Страница 12 из 15
– А если вас больше интересуют предметы, можно изобразить поводок нашего старого пса и даже его затылок – пожалуй, будет неплохо.
Пиппа сделала рядом с первым наброском второй: рука с поводком, затылок пса и мохнатые уши. Казалось, она мне голову морочит. Ее наброски были так хороши, я в жизни ничего подобного не нарисую.
– Я записала диск на тему этой недели. – Пиппа включила CD-плеер. Преодолевший барьеры пространства и времени голос Джуди Гарленд, поющей “Ну будь же счастлив!”, зазвучал у нас в ушах.
Увидев, что все вокруг принялись рисовать, я ощутила жар в груди.

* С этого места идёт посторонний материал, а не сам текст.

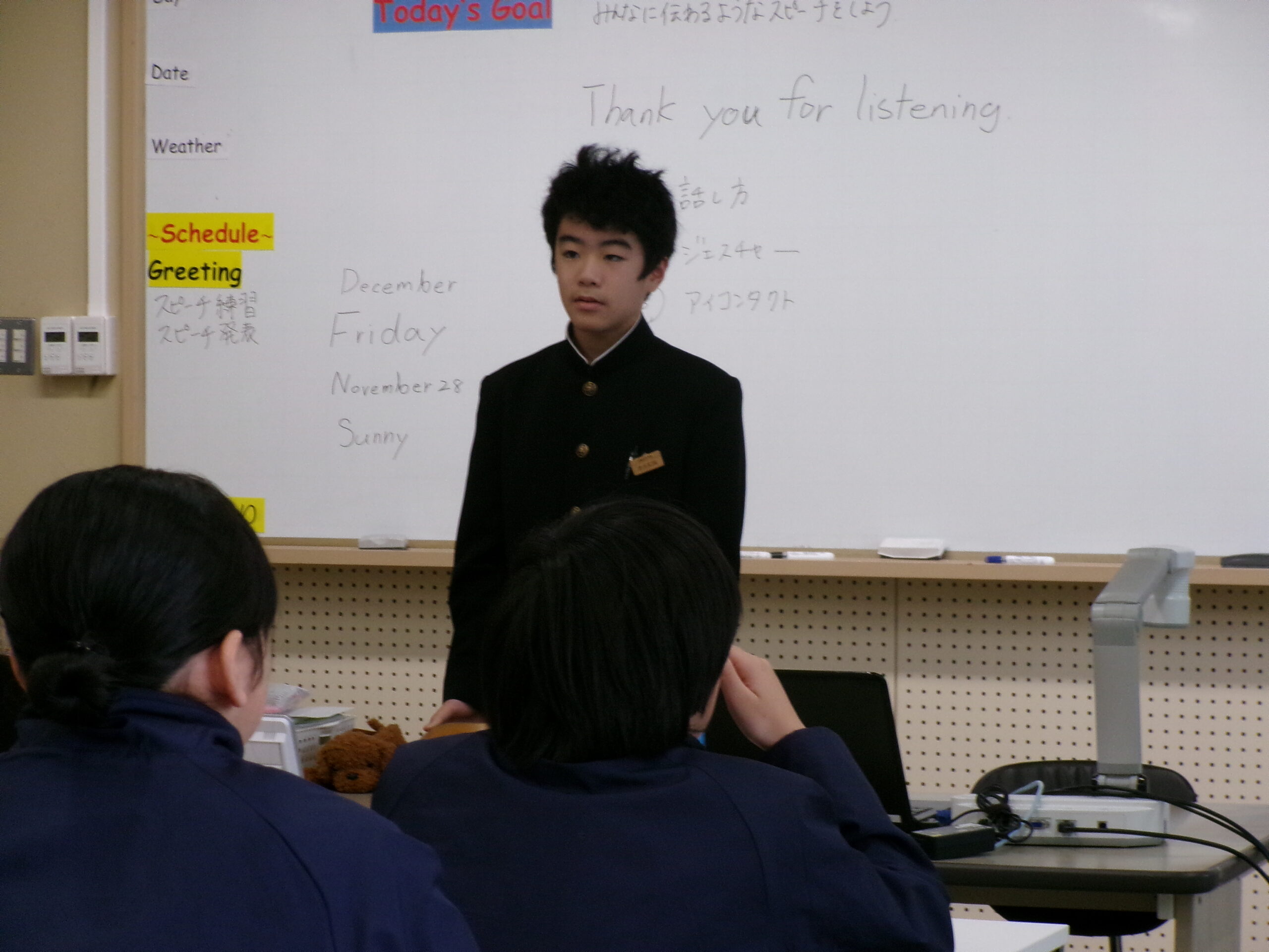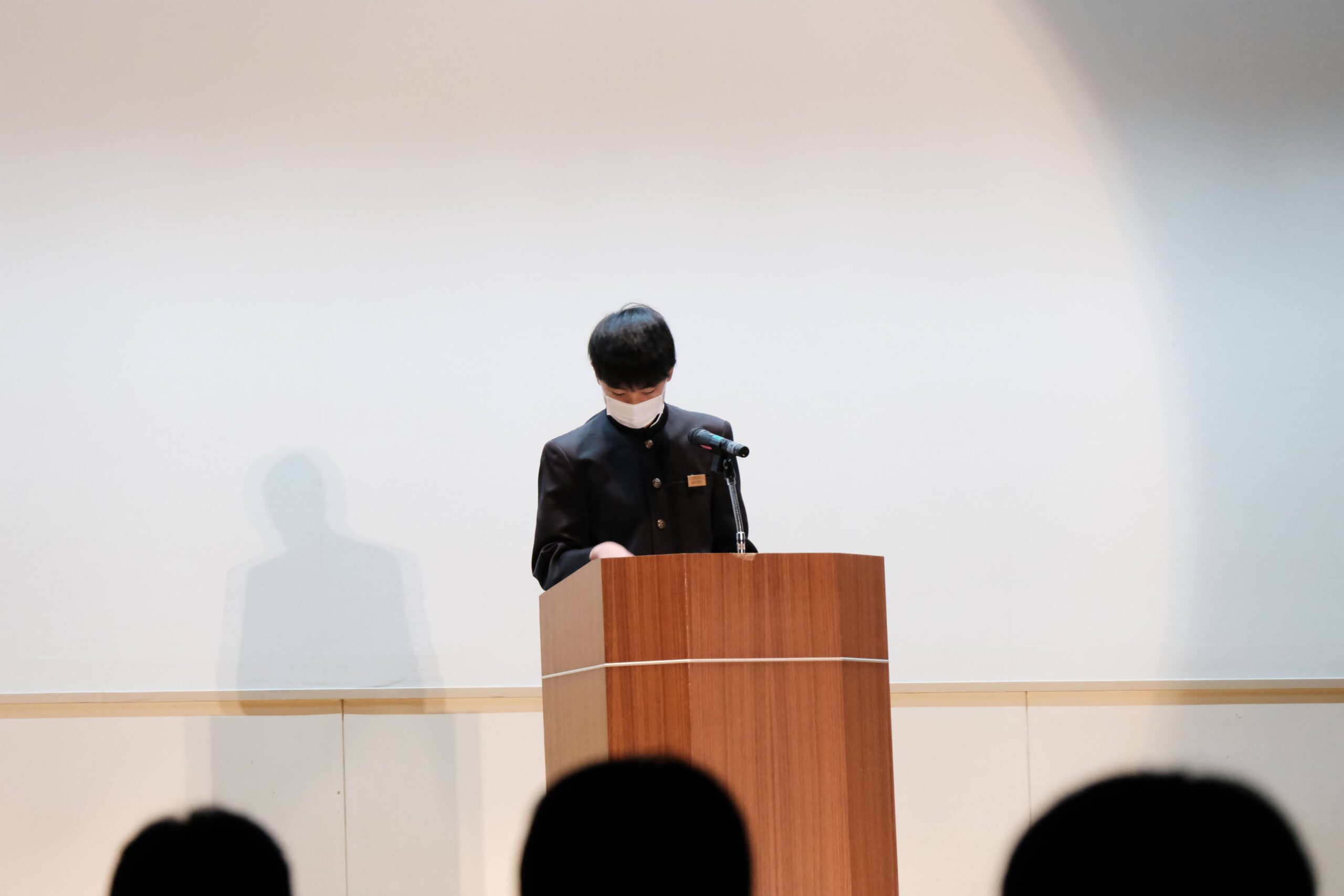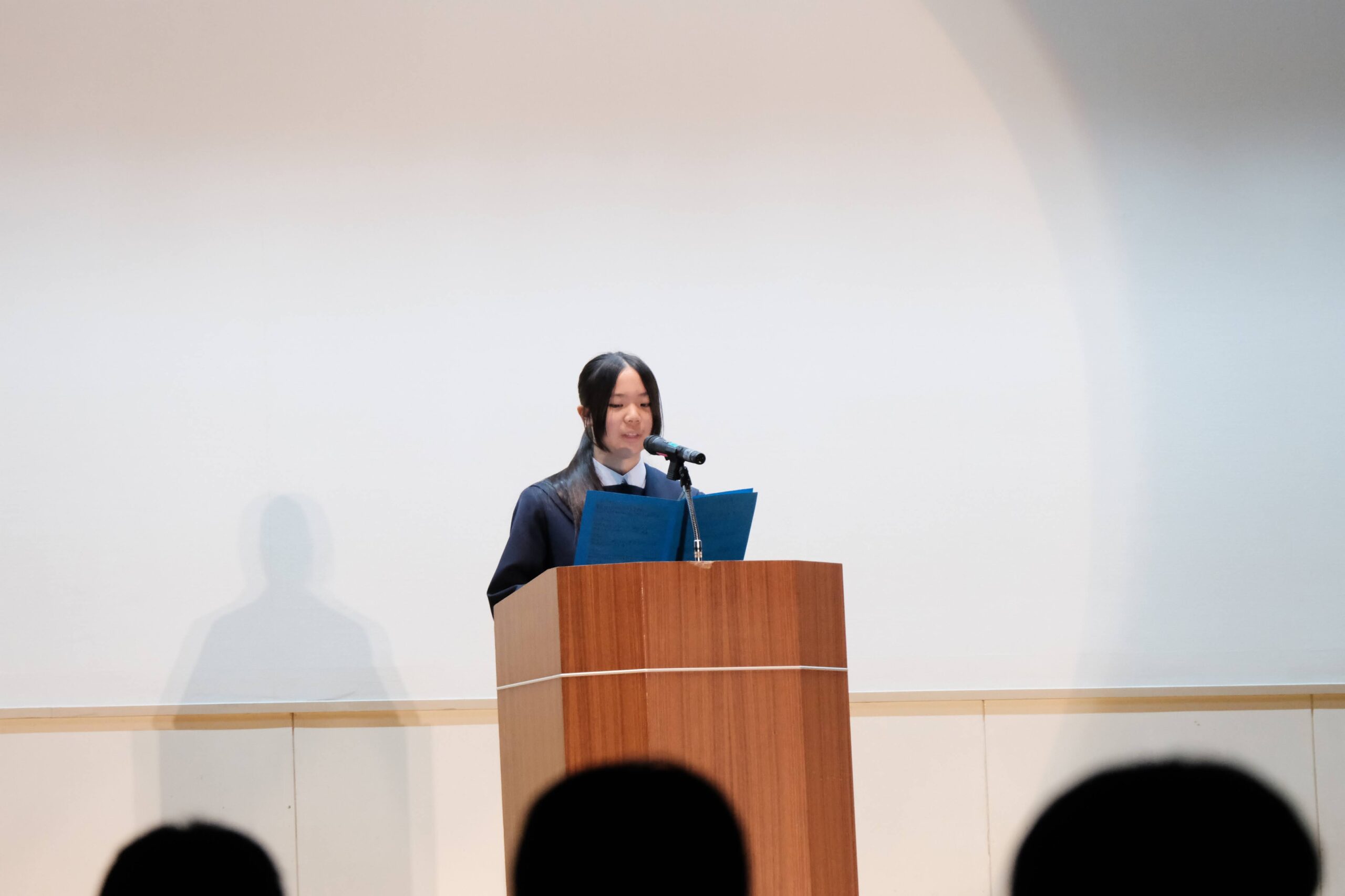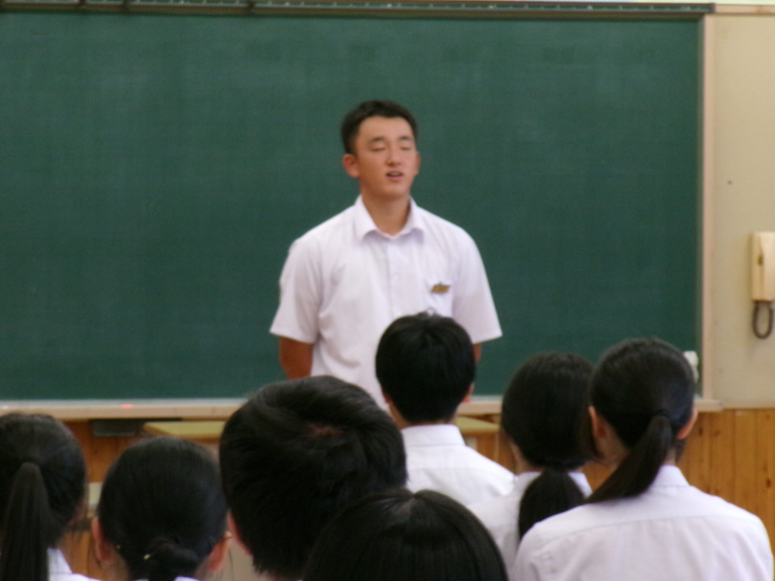 生徒会役員に立候補者の立ち合い演説会があり、その後投票が行われました。緊張した面持ちで演説の順番を待っていましたが、生徒の前に立つと堂々とした態度ではっきりと思いを伝えることができました。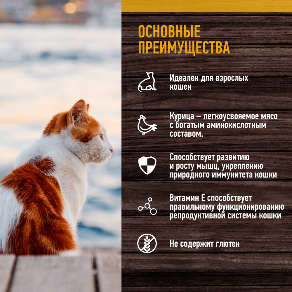- Не содержит глютен, поэтому не вызывает аллергию у питомцев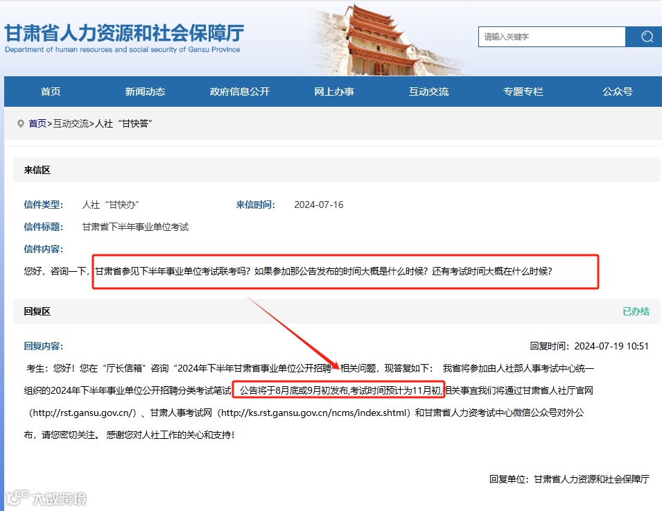 无独有偶,上周五,考生问及下半年事业单位考试什么时间?甘肃人社厅明确回复:8月底9月初出公告,考试时间预计为11月初笔试。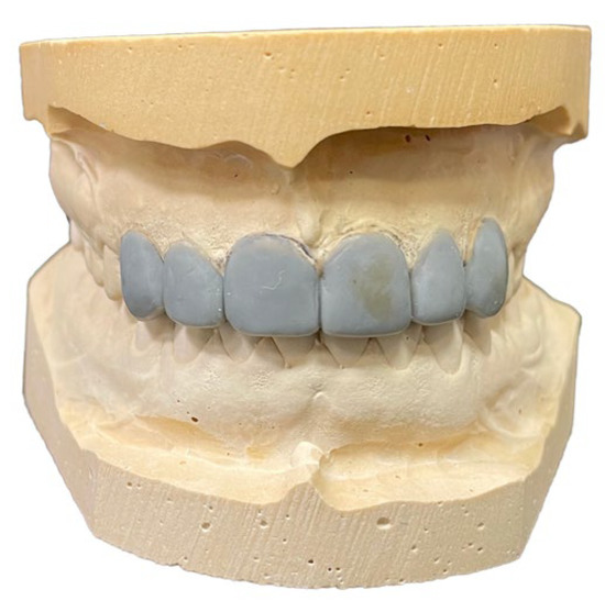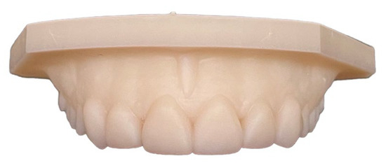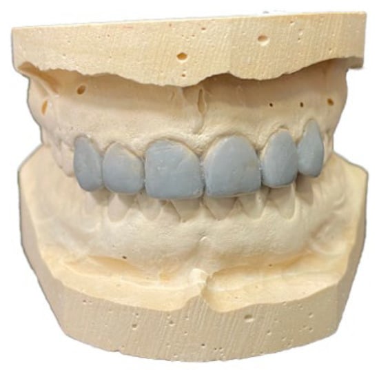 The dental casts were used by a dental technician to obtain a dental wax-up without any precise measurements and proportions of the elements given by the clinician. Thowax Yeti Ref. 714-0000 gray wax (Yeti Dental GmbH, Engen, Germany) was used to produce the modified anterior teeth according to the opinion and competence of the dental technician (Figure 3).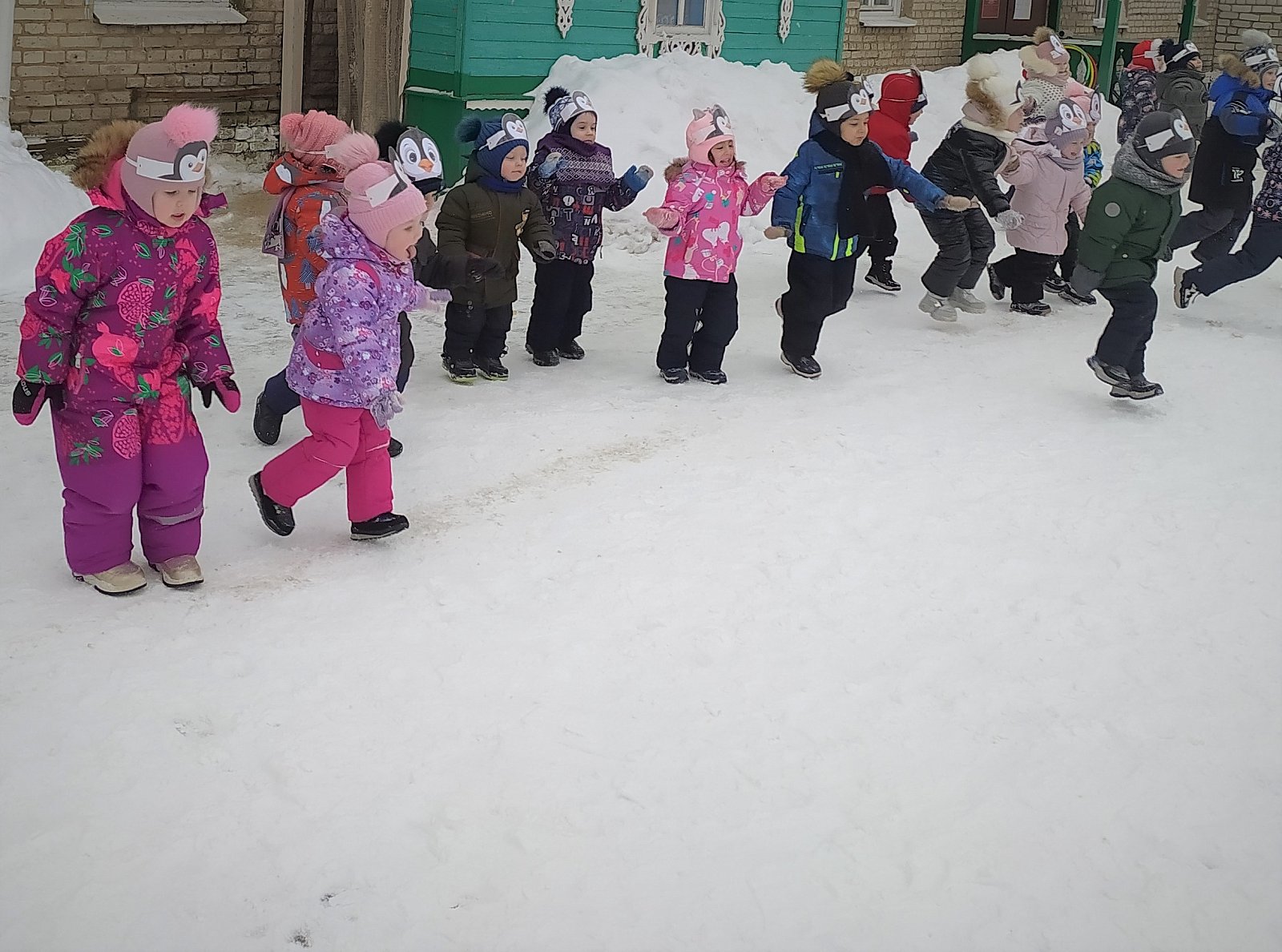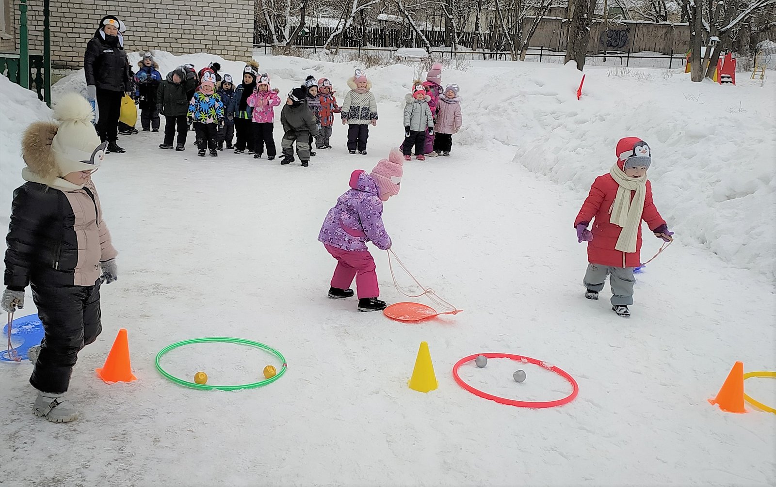 В конце недели спорта и здоровья прошли спортивные праздники в младшей группе "На стадионе льдина соревнуются пингвины", в старшей группе "Фестиваль зимних видов спорта"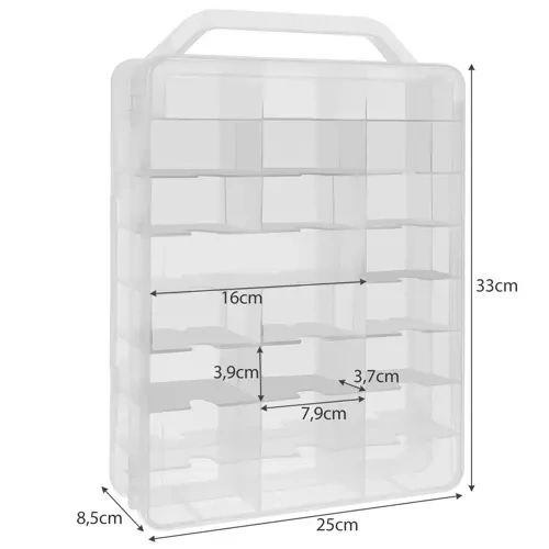 - SPECYFIKACJA – kolor: bezbarwny; materiał: PP (polipropylen); ilość przegródek: 46; wymiar dużej przegródki: 16 x 3,9 cm; wymiar małej przegródki: 7,9×3,9 cm; wymiary walizki: 33x25x8,5 cm; waga: 0,820 kg; waga w opakowaniu: 1,020 kg.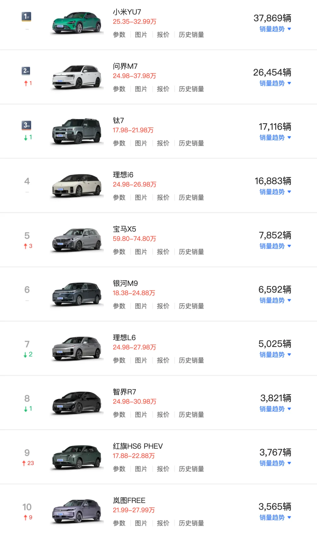 更诡异的是前三名全是“7字头”:小米YU7、问界M7、钛7。三个名字像约好了来砸场子,后面车型从第4名开始就明显掉档,榜单被硬生生切成了“前三一档、其余一档”。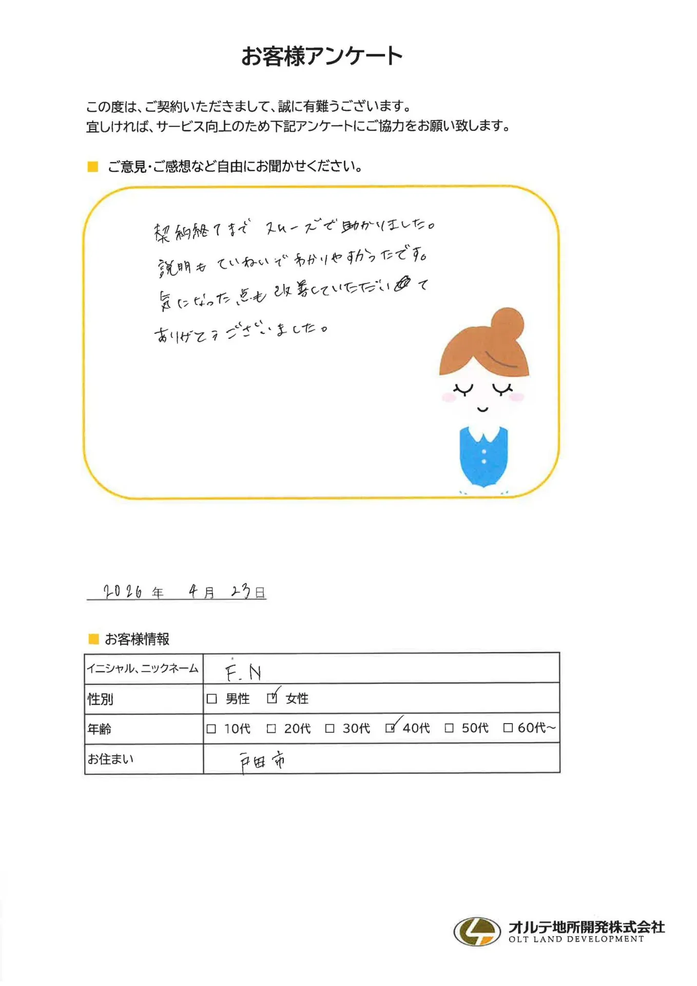 お客様アンケートにご回答いただきました!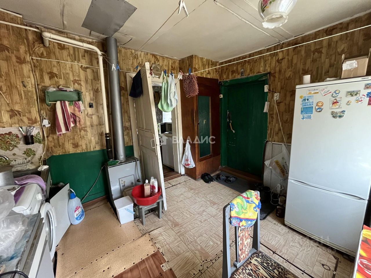 - Планировка: дом имеет 4 комнаты, высота потолков 2,5 м, что добавляет пространству воздуха и свободы. Дом построен из дерева, перекрытия также деревянные, кровля — шифер.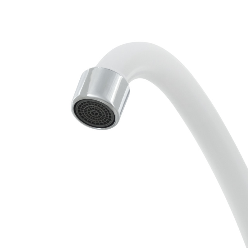Пластиковий змішувач – дуже легкий, має привабливий зовнішній вигляд, виготовлений з сучасних матеріалів. Не зважаючи на доступність товару, він повноцінно справляється з технічною рідиною до +95 °C. Змішувачі мають стандартні входи для підводу води, що спрощує їх монтаж та подальше обслуговування. Монтаж та фіксація змішувача відбувається за допомогою пластикової гайки, яку можна притягнути та закрутити навіть без додаткових інструментів.

Уолтер взял карандаш и принялся за эскиз. Да, у него были руки садовника. Обвисшая кожа на суставе указательного пальца. Зеленые пятна под ногтями. Наморщив лоб, Уолтер с нажимом водил карандашом по бумаге. Какое, интересно, самое счастливое воспоминание он рисует? Может, день, когда загадал желание и превратился из садового гнома в человека. Элси рисовала черной краской длинные полосы. Марго же так легко водила карандашом по бумаге, что получался не рисунок даже, а призрак рисунка.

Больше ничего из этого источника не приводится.